My understanding was that this logged the key and value stored. It looks like this entire log line is only the key, flags, ttl, and bytes stored. In my (wrong) line of thought, there was nothing stored that would allow postfix to know how long an entry existed.

People more familiar with memcached would probably know this is what the log line contained, but it took me some more digging to find out.

I see now that the value stored for one of the postscreen: keys is:
1631011643;1630926505;1633517245;1633517245;1633517245

I think it's a safe assumption that these are all unix timestamps, and that they make sense to postscreen.

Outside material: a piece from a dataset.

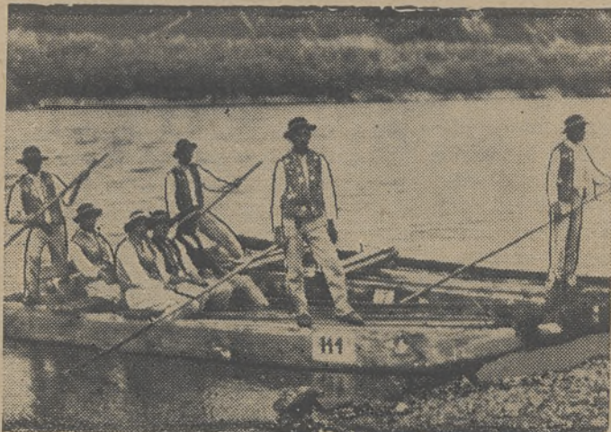
Nie każdy górak może zostać flisakiem na Dunajcu. Musi przed tym złożyć specjalny egzamin przed komisją. Na zdjęciu grupa kandydatów na flisaków pienińskich podczas egzaminu.
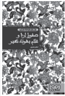
• صفورا آرذ و غلام بهونه گير

So with that knowledge, the documentation makes a lot more sense to me, and my new settings should then be:

/etc/postfix/main.cf:

  postscreen_cache_map = memcache:/etc/postfix/postscreen_cache.cf
  postscreen_cache_cleanup_interval = 0

  address_verify_map = memcache:/etc/postfix/verify_cache.cf
  address_verify_cache_cleanup_interval = 0

  address_verify_positive_expire_time = 30d # Down from 31

/etc/postfix/postscreen_cache.cf:

  memcache = inet:1.2.3.4:11211
  ttl = 2592000
  key_format = postscreen:%s

/etc/postfix/verify_cache.cf:

  memcache = inet:1.2.3.4:11211
  ttl = 2592000
  key_format = verify:%s

This would bring all *_ttl and *_expire_time down to 30d or less, and use the maximum memcache ttl of 30d (before they get treated as a unix timestamp).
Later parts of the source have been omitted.